An eccentric young boy who has lived his whole life in an orphanage dreams of reuniting with his mother and being part of a family – something he’s never known. Each family that comes in to the orphanage though seems to see not the boy’s intelligence and passion but his quirks. He is just too odd for them, in the end. The boy, fed up with hoping for finding a family to love and adopt him, decides that he’ll instead focus his attention on finding his mother and persuading her to take him back after leaving him on the orphanage’s doorstep. Thus, the boy begins work on a device that will spur the memory and allow the person wearing the invention to re-live moments in their life. Feeling he’s finally gotten his memory device right, the boy enters it into the school’s science fair but there are other eyes on his device that he wouldn’t imagine. The boy, or rather his device, is the target of a strange man in a bowler hat wants to steal the invention and does exactly that with a little cunning and trickery. Just as a villain was watching though, so too was another boy, this one chasing the man in the hat, and this one knowing far more then he lets on. It turns out the man in the hat and the boy chasing him both come from the future, and both are desperate to change the future for the young inventor, someone who, it would seem, has an important role to play in what shall come…if that is, his future doesn’t change first. While trying to figure out what exactly is going on, and why he’s such an important person, the boy meets a family, the Robinson’s, who are everything he could ask for, and feel that maybe here, in the future, he has found what he’s been looking for all along – a family of his own.

A beautifully animated film, this is one of Disney’s new 3-D films that use new technology and really bring you into the film. The 3-D is really stunning and, while it’s not revolutionary in what it does in the film – it’s the same whoa, it’s in my face gags – it is very striking in what it brings out in the animation. The characters are not terribly interesting until you get into the future, and there the film shines. It seems that each member of the Robinson’s, and indeed, in the entire future, are quirky and bring more life and fun to than the film had before. It’s here that the filmmakers really play with the story, and with how things come together. The villain, who you thought was so diabolical character, turns out to be quite the bumbler when you learn that it’s his hat that really wears the pants in the scheme. As much fun as the film becomes though, there are just too many problems with the story and plot. The story is nothing new, the revelations are things you can guess at pretty easily, and the end, as satisfying as it is, still had a barb that bothered me.
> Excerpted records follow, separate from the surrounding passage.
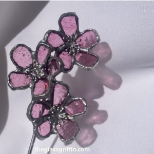 Three sweet little cherry blossoms on one stem in textured cathedral pink.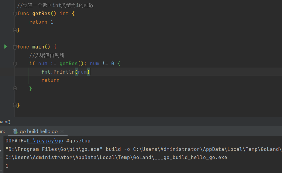 getRes() 是一个带有返回值的函数,它,num := getRes() 是一个语句,执行 getRes() 函数后,将返回值赋值给 num 变量。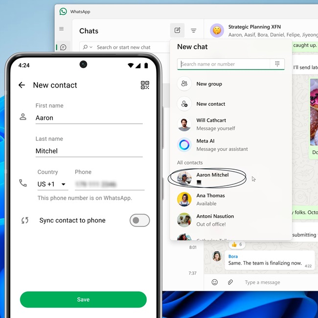 در گذشته، کاربران واتساپ تنها میتوانستند از طریق گوشی های موبایل خود و با وارد کردن شماره تلفن یا اسکن کد QR مخاطب جدید اضافه کنند. اما اکنون واتساپ اعلام کرده که این امکان فراهم خواهد شد تا مخاطبین خود را مستقیما از طریق نسخه وب واتساپ و برنامه ویندوز مدیریت کنید. این تغییرات به کاربران اجازه میدهد بدون نیاز به استفاده از موبایل، از هر دستگاهی که به واتساپ متصل است، مخاطبین خود را اضافه و مدیریت کنند. همچنین واتساپ اعلام کرده که این قابلیت به زودی به دیگر دستگاههای لینک شده نیز گسترش خواهد یافت.

All in all, it’s a great tech film, and one with some fantastic moments but isn’t a film that really holds together.

Despite its flaws, I truly do like this film. The digital animation is gorgeous and when things get into the future, the film really picks up and becomes just weird enough to hold your attention. Families will like it, kids will love it, but animation fans have seen this movie before, under a dozen names, and this one doesn’t do much to remove itself from the pack. Worth a rent, but that’s about it.